◆ **WHAT TO DO**
The result should be the full listing copied exactly, with no pictures in it.

◆ **RAW DATA**

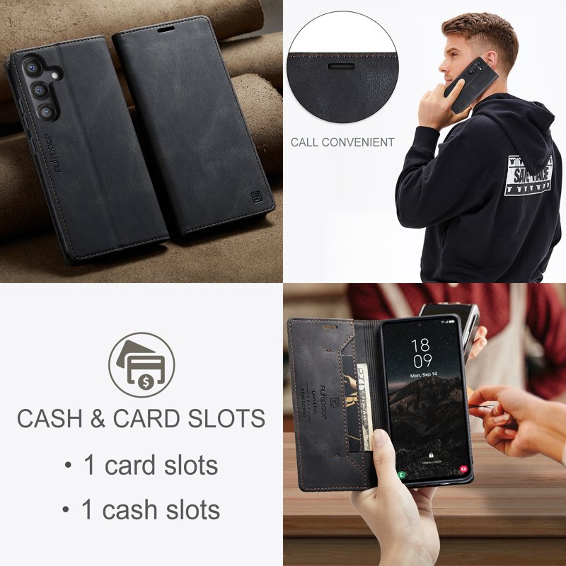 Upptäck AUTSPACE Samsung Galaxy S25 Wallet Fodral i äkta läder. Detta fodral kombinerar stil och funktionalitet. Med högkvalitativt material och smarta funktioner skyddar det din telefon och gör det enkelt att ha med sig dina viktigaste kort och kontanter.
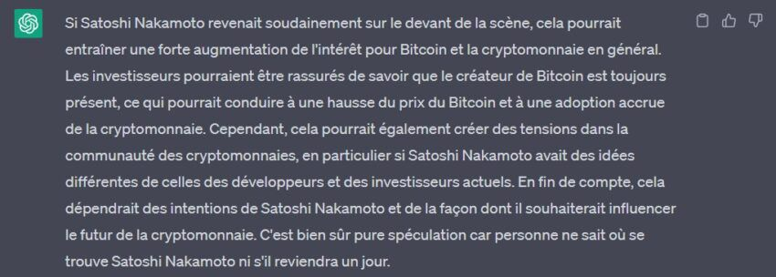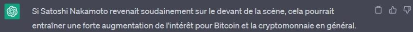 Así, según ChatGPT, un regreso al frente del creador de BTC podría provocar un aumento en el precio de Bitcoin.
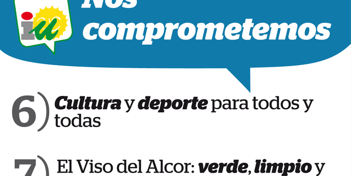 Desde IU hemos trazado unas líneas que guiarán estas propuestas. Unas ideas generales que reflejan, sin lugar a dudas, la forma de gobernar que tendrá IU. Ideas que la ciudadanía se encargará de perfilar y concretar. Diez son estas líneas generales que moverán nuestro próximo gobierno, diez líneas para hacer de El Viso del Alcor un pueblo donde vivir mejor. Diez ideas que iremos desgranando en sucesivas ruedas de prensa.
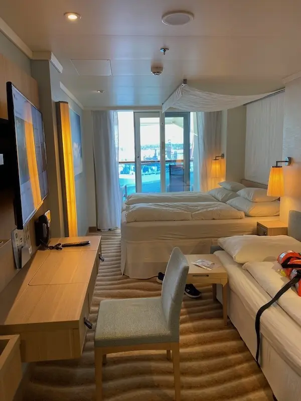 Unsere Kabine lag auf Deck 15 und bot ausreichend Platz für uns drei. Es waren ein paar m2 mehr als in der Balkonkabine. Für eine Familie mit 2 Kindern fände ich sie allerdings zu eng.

◆ **ANSWER SECTION**
 Upptäck AUTSPACE Samsung Galaxy S25 Wallet Fodral i äkta läder. Detta fodral kombinerar stil och funktionalitet. Med högkvalitativt material och smarta funktioner skyddar det din telefon och gör det enkelt att ha med sig dina viktigaste kort och kontanter.
 Así, según ChatGPT, un regreso al frente del creador de BTC podría provocar un aumento en el precio de Bitcoin.
 Desde IU hemos trazado unas líneas que guiarán estas propuestas. Unas ideas generales que reflejan, sin lugar a dudas, la forma de gobernar que tendrá IU. Ideas que la ciudadanía se encargará de perfilar y concretar. Diez son estas líneas generales que moverán nuestro próximo gobierno, diez líneas para hacer de El Viso del Alcor un pueblo donde vivir mejor. Diez ideas que iremos desgranando en sucesivas ruedas de prensa.
 Unsere Kabine lag auf Deck 15 und bot ausreichend Platz für uns drei. Es waren ein paar m2 mehr als in der Balkonkabine. Für eine Familie mit 2 Kindern fände ich sie allerdings zu eng.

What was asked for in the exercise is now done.